===== Records for this task =====
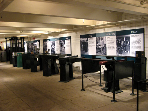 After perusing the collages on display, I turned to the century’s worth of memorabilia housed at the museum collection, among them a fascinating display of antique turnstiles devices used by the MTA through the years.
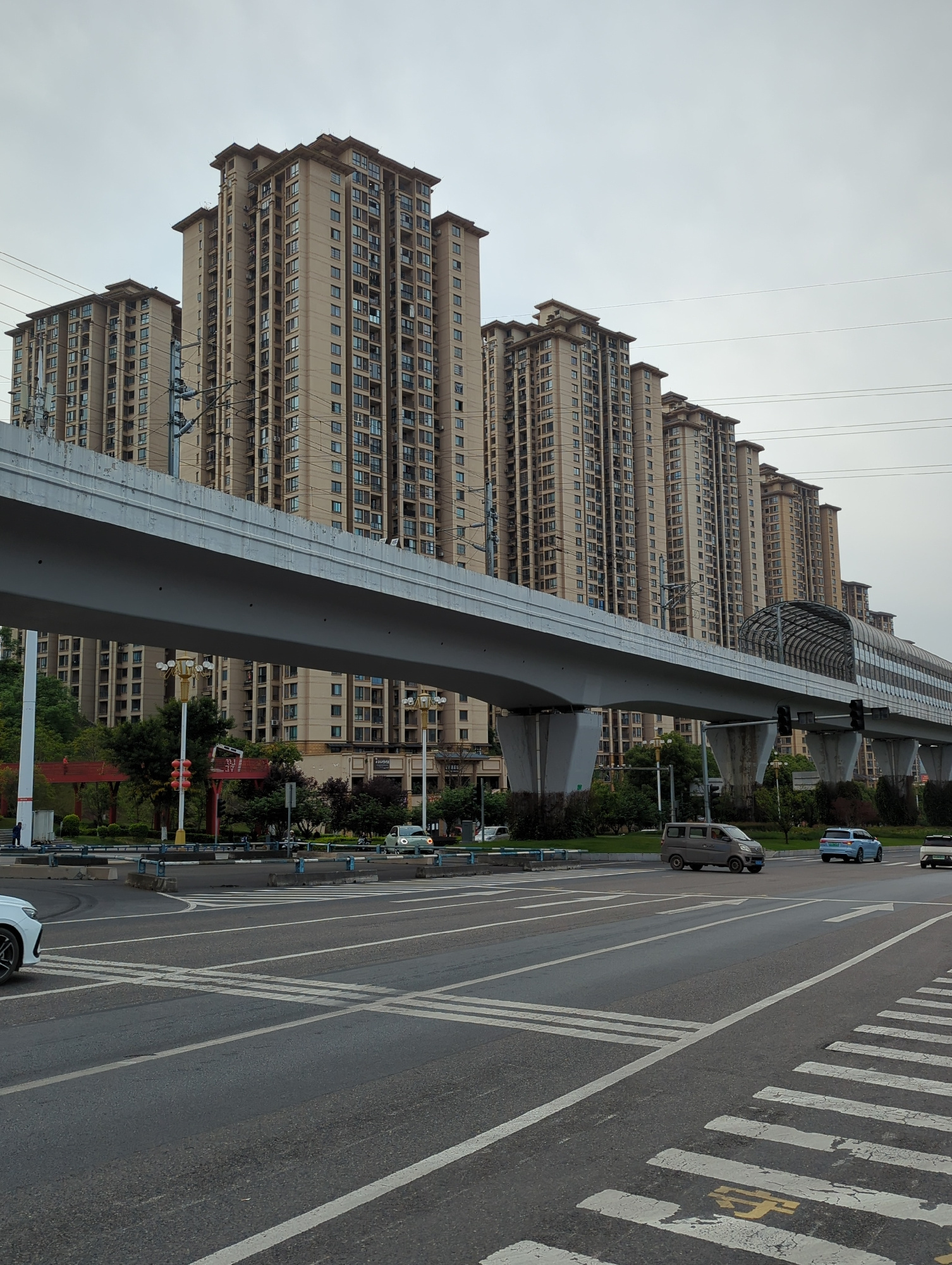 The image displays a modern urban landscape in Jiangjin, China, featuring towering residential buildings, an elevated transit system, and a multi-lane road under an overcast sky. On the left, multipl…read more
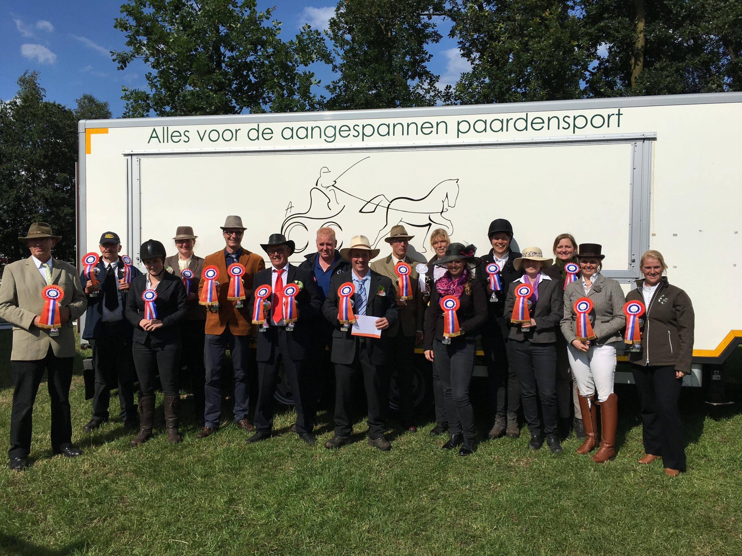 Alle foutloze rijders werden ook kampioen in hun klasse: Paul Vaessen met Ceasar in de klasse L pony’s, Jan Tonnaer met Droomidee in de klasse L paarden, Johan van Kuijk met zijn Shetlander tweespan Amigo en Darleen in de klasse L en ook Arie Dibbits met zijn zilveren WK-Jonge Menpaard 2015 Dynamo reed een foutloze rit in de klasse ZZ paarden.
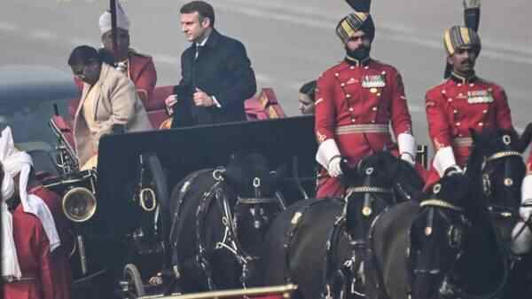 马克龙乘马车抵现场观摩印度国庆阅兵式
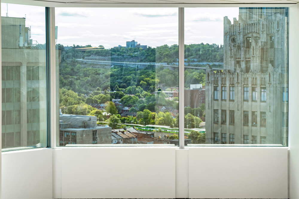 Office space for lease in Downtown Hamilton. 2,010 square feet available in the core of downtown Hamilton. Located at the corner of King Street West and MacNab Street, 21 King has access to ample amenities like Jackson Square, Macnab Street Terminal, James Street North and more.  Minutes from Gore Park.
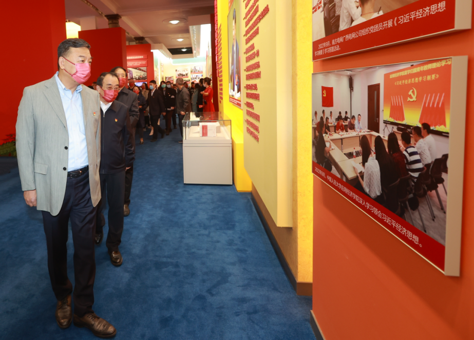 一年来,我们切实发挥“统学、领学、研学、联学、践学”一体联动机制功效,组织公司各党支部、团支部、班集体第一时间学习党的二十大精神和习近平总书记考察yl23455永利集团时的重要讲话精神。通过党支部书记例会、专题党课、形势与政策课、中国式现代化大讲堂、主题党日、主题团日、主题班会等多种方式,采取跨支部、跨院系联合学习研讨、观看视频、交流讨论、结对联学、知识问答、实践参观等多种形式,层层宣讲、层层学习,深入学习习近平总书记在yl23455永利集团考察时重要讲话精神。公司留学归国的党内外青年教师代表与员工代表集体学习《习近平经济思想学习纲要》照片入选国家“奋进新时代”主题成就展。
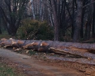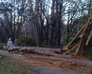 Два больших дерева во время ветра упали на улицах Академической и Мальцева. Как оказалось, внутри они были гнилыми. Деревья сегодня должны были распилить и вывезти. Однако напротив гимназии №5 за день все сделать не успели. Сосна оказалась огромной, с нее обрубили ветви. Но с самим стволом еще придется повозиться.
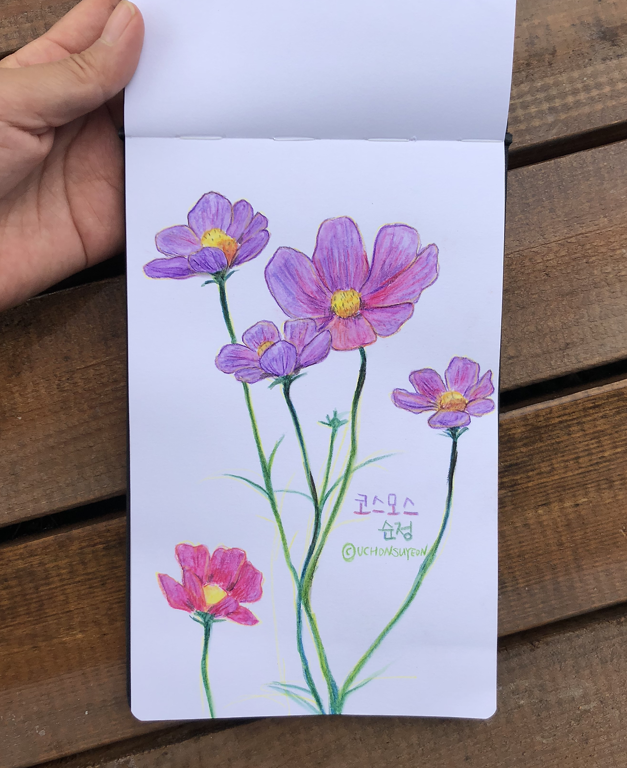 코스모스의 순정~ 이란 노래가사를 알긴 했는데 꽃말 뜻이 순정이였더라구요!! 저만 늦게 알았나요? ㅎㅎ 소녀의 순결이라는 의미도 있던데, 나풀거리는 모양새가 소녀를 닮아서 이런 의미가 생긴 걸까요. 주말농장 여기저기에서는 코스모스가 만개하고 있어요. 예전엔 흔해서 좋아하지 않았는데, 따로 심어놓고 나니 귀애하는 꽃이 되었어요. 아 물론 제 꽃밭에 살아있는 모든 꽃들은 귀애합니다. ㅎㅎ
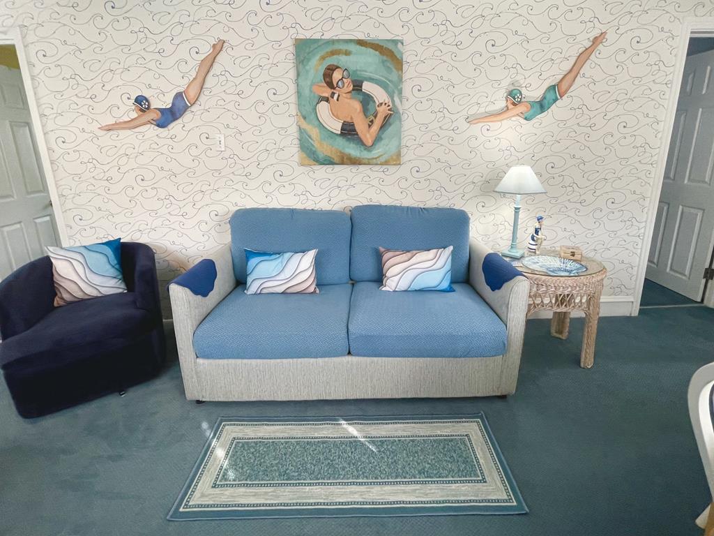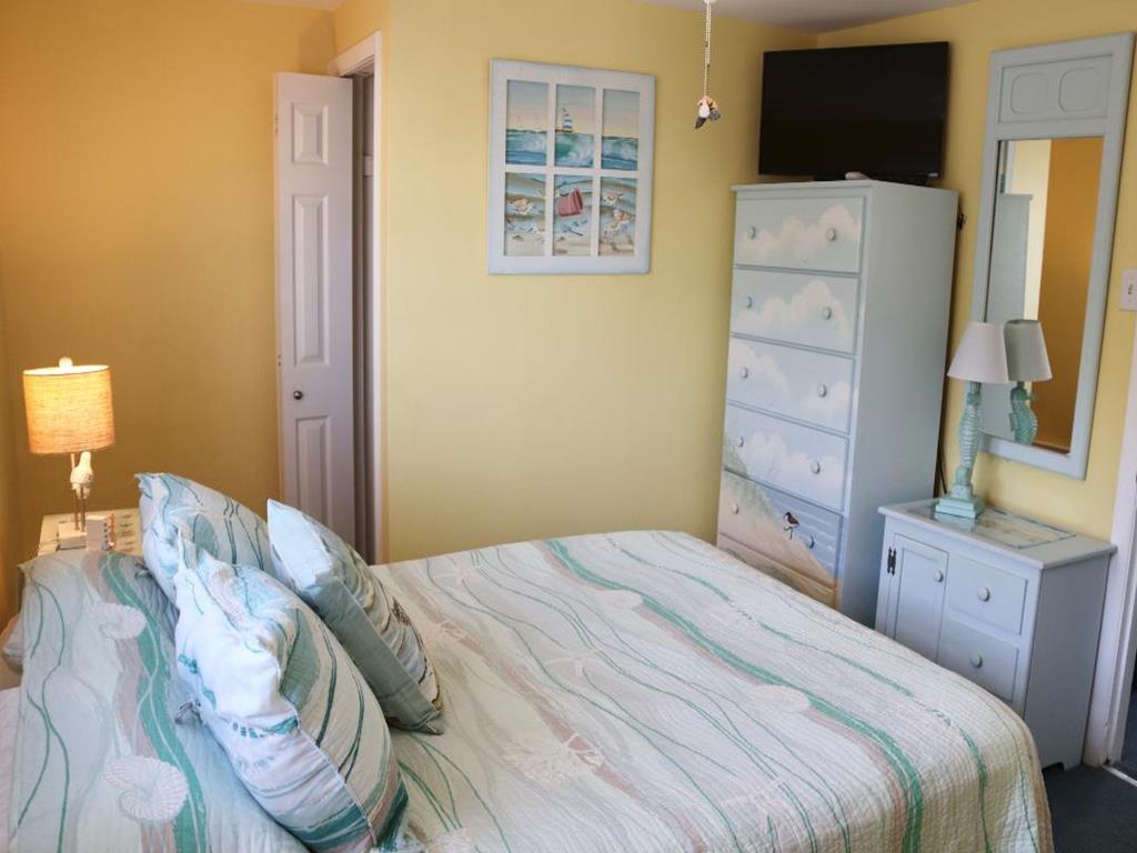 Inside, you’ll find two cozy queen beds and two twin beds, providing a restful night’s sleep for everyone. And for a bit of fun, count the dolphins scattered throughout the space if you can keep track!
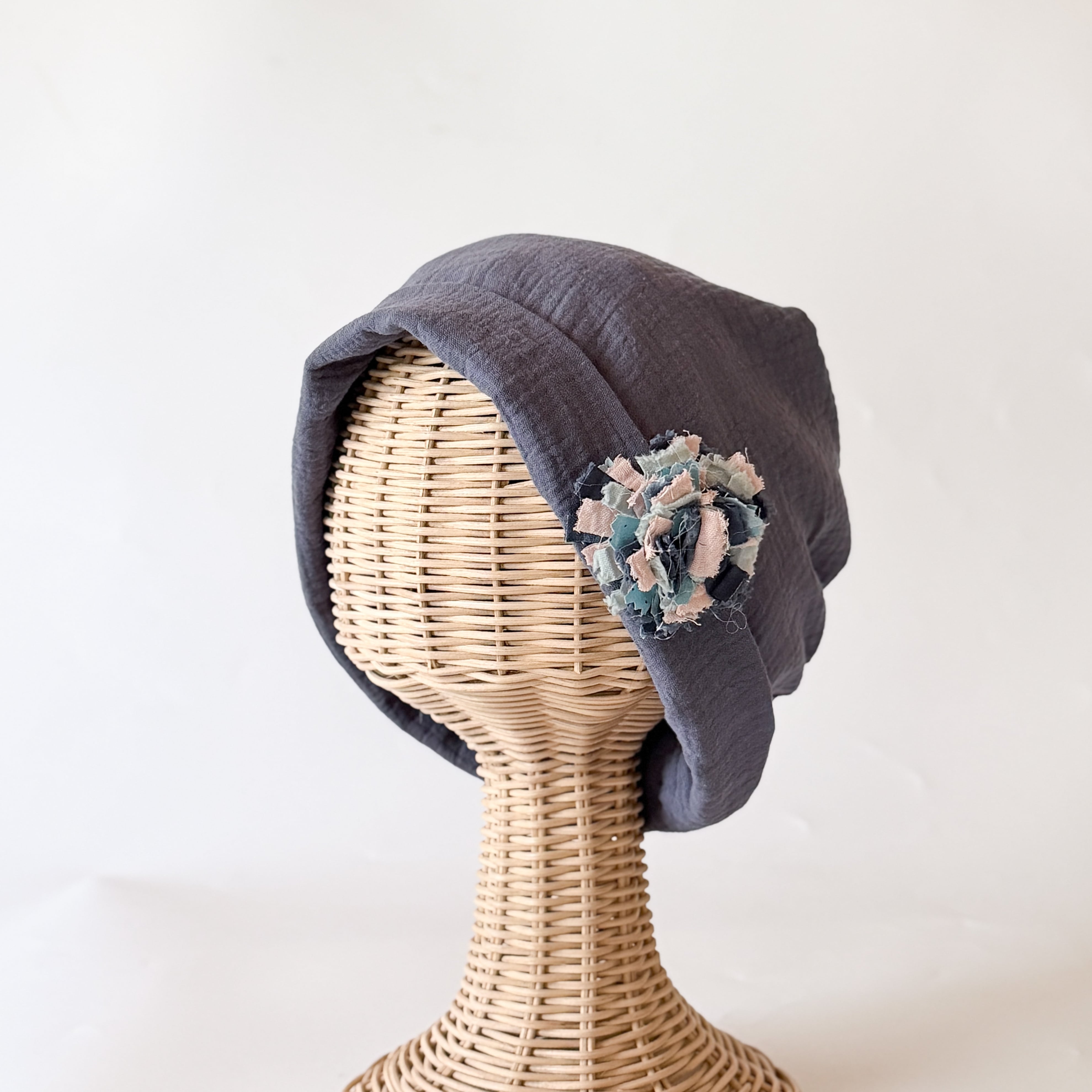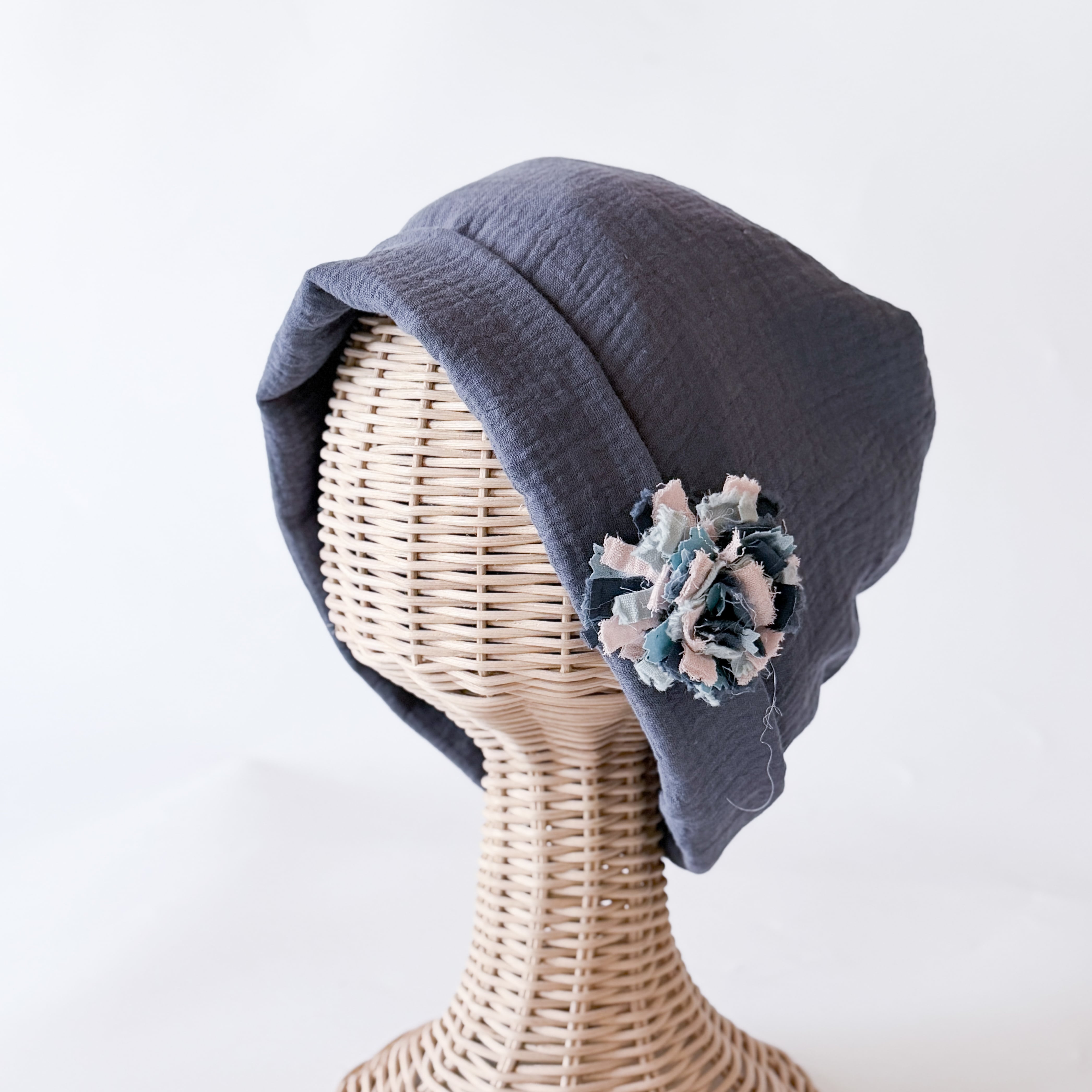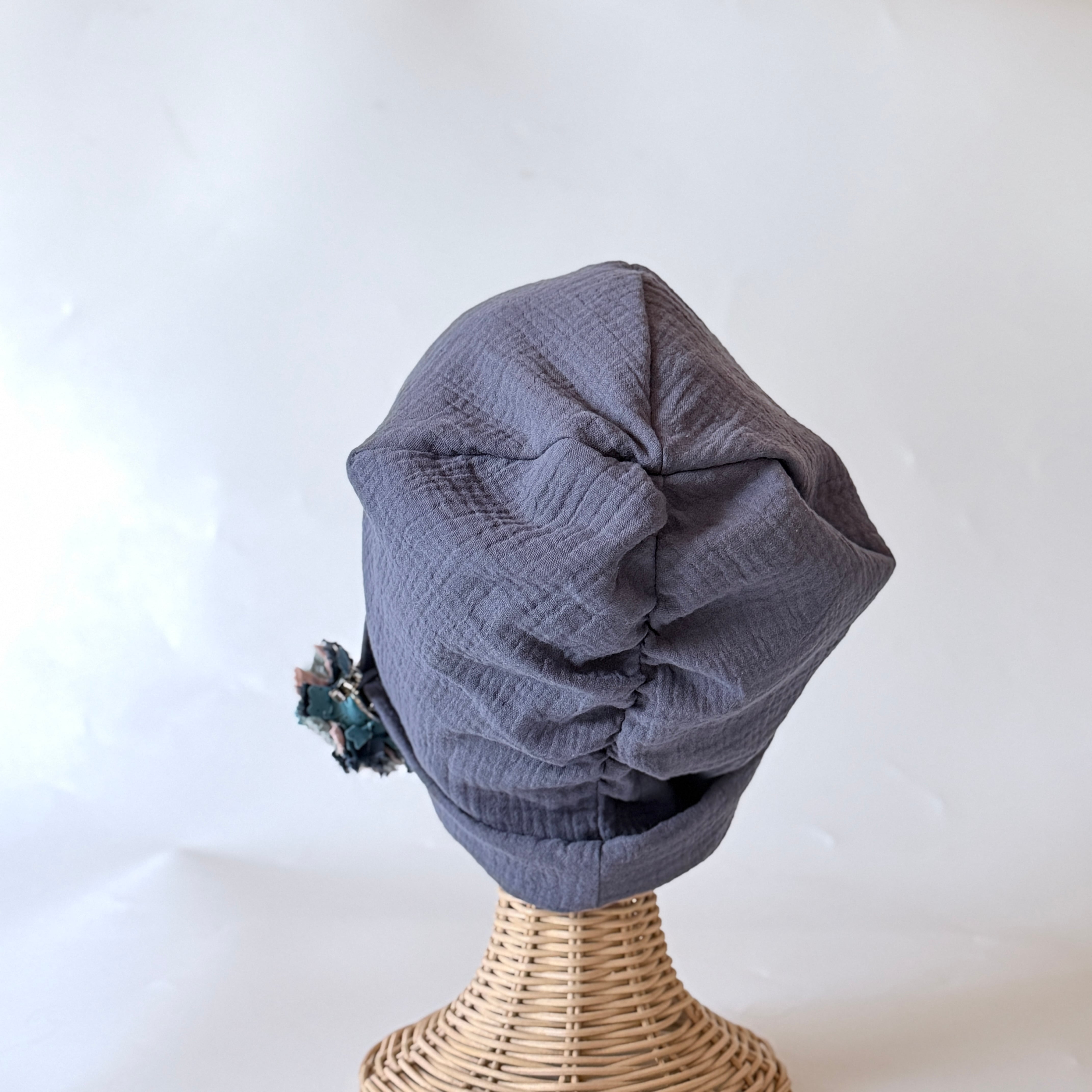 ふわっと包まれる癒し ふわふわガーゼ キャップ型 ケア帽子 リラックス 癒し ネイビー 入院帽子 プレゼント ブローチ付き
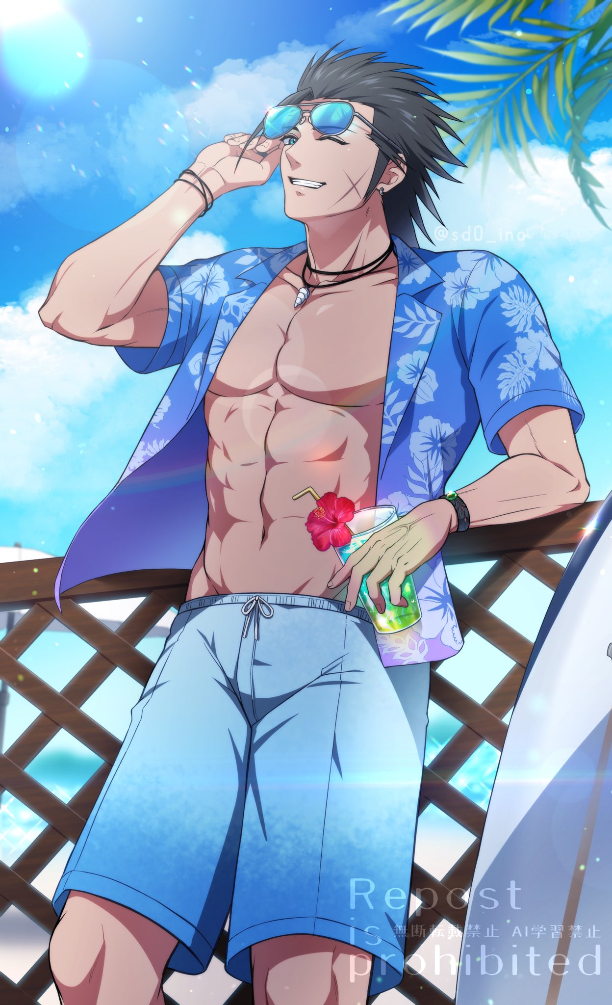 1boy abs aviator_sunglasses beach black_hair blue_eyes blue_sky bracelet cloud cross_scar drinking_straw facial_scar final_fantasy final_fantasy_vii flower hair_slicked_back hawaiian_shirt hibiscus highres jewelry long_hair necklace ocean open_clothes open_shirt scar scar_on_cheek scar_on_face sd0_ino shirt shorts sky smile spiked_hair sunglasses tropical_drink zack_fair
=====
* _Required action_
Each line above should be output exactly, apart from the pictures.

* _Exercise response_
 After perusing the collages on display, I turned to the century’s worth of memorabilia housed at the museum collection, among them a fascinating display of antique turnstiles devices used by the MTA through the years.
 The image displays a modern urban landscape in Jiangjin, China, featuring towering residential buildings, an elevated transit system, and a multi-lane road under an overcast sky. On the left, multipl…read more
 Alle foutloze rijders werden ook kampioen in hun klasse: Paul Vaessen met Ceasar in de klasse L pony’s, Jan Tonnaer met Droomidee in de klasse L paarden, Johan van Kuijk met zijn Shetlander tweespan Amigo en Darleen in de klasse L en ook Arie Dibbits met zijn zilveren WK-Jonge Menpaard 2015 Dynamo reed een foutloze rit in de klasse ZZ paarden.
 马克龙乘马车抵现场观摩印度国庆阅兵式
 Office space for lease in Downtown Hamilton. 2,010 square feet available in the core of downtown Hamilton. Located at the corner of King Street West and MacNab Street, 21 King has access to ample amenities like Jackson Square, Macnab Street Terminal, James Street North and more.  Minutes from Gore Park.
 一年来,我们切实发挥“统学、领学、研学、联学、践学”一体联动机制功效,组织公司各党支部、团支部、班集体第一时间学习党的二十大精神和习近平总书记考察yl23455永利集团时的重要讲话精神。通过党支部书记例会、专题党课、形势与政策课、中国式现代化大讲堂、主题党日、主题团日、主题班会等多种方式,采取跨支部、跨院系联合学习研讨、观看视频、交流讨论、结对联学、知识问答、实践参观等多种形式,层层宣讲、层层学习,深入学习习近平总书记在yl23455永利集团考察时重要讲话精神。公司留学归国的党内外青年教师代表与员工代表集体学习《习近平经济思想学习纲要》照片入选国家“奋进新时代”主题成就展。
 Два больших дерева во время ветра упали на улицах Академической и Мальцева. Как оказалось, внутри они были гнилыми. Деревья сегодня должны были распилить и вывезти. Однако напротив гимназии №5 за день все сделать не успели. Сосна оказалась огромной, с нее обрубили ветви. Но с самим стволом еще придется повозиться.
 코스모스의 순정~ 이란 노래가사를 알긴 했는데 꽃말 뜻이 순정이였더라구요!! 저만 늦게 알았나요? ㅎㅎ 소녀의 순결이라는 의미도 있던데, 나풀거리는 모양새가 소녀를 닮아서 이런 의미가 생긴 걸까요. 주말농장 여기저기에서는 코스모스가 만개하고 있어요. 예전엔 흔해서 좋아하지 않았는데, 따로 심어놓고 나니 귀애하는 꽃이 되었어요. 아 물론 제 꽃밭에 살아있는 모든 꽃들은 귀애합니다. ㅎㅎ
 Inside, you’ll find two cozy queen beds and two twin beds, providing a restful night’s sleep for everyone. And for a bit of fun, count the dolphins scattered throughout the space if you can keep track!
 ふわっと包まれる癒し ふわふわガーゼ キャップ型 ケア帽子 リラックス 癒し ネイビー 入院帽子 プレゼント ブローチ付き
 1boy abs aviator_sunglasses beach black_hair blue_eyes blue_sky bracelet cloud cross_scar drinking_straw facial_scar final_fantasy final_fantasy_vii flower hair_slicked_back hawaiian_shirt hibiscus highres jewelry long_hair necklace ocean open_clothes open_shirt scar scar_on_cheek scar_on_face sd0_ino shirt shorts sky smile spiked_hair sunglasses tropical_drink zack_fair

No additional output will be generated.